8. Wheel according to one of the preceding claims, wherein the covering element (1) has, at least in the edge regions adjoining the spokes (12), in each case a leg (6) which projects from the flat covering element (1) at least approximately in the axial direction (a) of the wheel (10), said leg being of flexible design.

9. Wheel according to claim 8, wherein said leg (6) has an undercut (7) on its edge, said undercut (7) being able to hook into the spoke edge (11) facing the vehicle.

10. Wheel according to claim 9, wherein the undercut (7) has a snap nose (8) for locking into the spoke rim (11).

11. Wheel according to claim 9 or 10, wherein the undercuts (7) and/or the latching noses (8) are covered with a plastic material.
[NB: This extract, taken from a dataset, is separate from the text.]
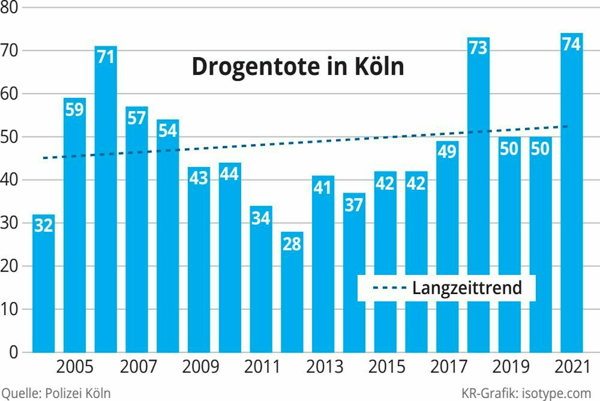 Unter den 74 Drogentoten des Jahres 2021 in Köln waren 15 Frauen und 59 Männer. Die meisten von ihnen gehörten zu der Altersgruppe der 41- bis 50-Jährigen. Das Durchschnittsalter wurde mit 45 Jahren angegeben, NRW-weit betrug es 44 Jahre.

12. Method for manufacturing a cover element for a wheel of a vehicle, the cover element (1) being constructed according to one of claims 1 to 11, wherein the method is carried out in the following steps:

-placing at least one lower monolayer over a selected position in a lower mould half (15) of the extrusion device;

-placing at least one monolayer of the upper laminate construction (2) flat into the lower mould half (15) of the extrusion device, while covering the at least one lower monolayer (5);

-closing the upper mould half (14) and subsequently removing a slide (16) corresponding to the shape of the flap section (3) of the covering element (1) from the lower mould half (15) in the direction of the upper mould half (14), whereupon the laminate is cut along the edge of the slide (16) and the flap section (3) is thereby formed, and

-deforming at least a part of the tab segment (3) by means of a slide (16) in the direction of the upper mould half (14);

-moving two lateral slides (17, 18) into the mould, which lateral slides move out on one side of the laminate respectively in a direction perpendicular to the first slide (16), and forming the legs (6) and undercuts (7) of the covering element (1);

-joining the said single layers into a laminate using a suitable resin under the influence of heat and pressure;

-moving back the lateral slides (17, 18) and opening the upper mold half (14) and subsequently removing the fiber composite covering element (1).
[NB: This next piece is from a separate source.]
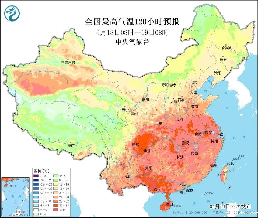 14日至18日安徽省气温逐渐回升,18日全省大部分地区最高气温可达30℃左右。

13. Method according to claim 12, wherein chamfers are introduced on the undercuts of the fibre composite covering element (1), which chamfers form a latching nose (8).

Technical Field

The present invention relates to a wheel for a vehicle according to the preamble of claim 1. For the prior art, see for example DE 102013222044 a 1.

Background

The most diverse requirements are placed on the wheels of vehicles, in particular of cars. In addition to sufficient strength at low weight, the wheel should in particular promote a good air resistance coefficient of the vehicle and feature a favorable optical image. This also includes the fact that the visible outer region of the wheel is only to a small extent soiled by wear of the wheel brakes arranged on the wheel inner side of the wheel. In order to ensure the latter, in particular, it is known to cover the free space between all the spokes of the wheel by means of a single disc-shaped cover element, which is arranged on the inside of the wheel, relative to the brake disc of the wheel brake, which rotates together with the wheel. Furthermore, cover elements are also known which cover the spoke gaps individually.

Since the brakes are extremely heated, in particular when braking a vehicle from a high speed, a cooling of the brakes by the air flow between the outside of the wheel through the spoke gaps and the brakes is also desirable.

A target conflict arises between an optimized air resistance coefficient and an optimized brake cooling.

DE 102013222044 a1 describes a rim cover for a wheel for attachment to a vehicle rim, comprising at least one flap element for covering at least one section of the rim, which flap element can have at least one first and one second shape as a function of temperature. The wing element is designed here as a layer composite of two materials with different coefficients of thermal expansion.

Such a layer composite with two materials (bimaterial) having different coefficients of thermal expansion is a solution for the conflict of the above-mentioned objectives, however the production of such a flap element is cumbersome, costly and error-prone based on the adhesive or mechanical joining of the two materials.

Disclosure of Invention

The object of the present invention is therefore to provide a wheel for a vehicle, comprising an improved cover element.

The solution of the object is achieved by a wheel for a vehicle having the features of claim 1. Advantageous configurations and further configurations are the subject matter of the dependent claims.

A wheel for a vehicle is proposed, which has a rim, a hub section and at least two spokes connecting the hub section to the rim. The spoke gap between two (in particular adjacent) spokes is at least partially covered by an at least substantially flat and one-piece cover element.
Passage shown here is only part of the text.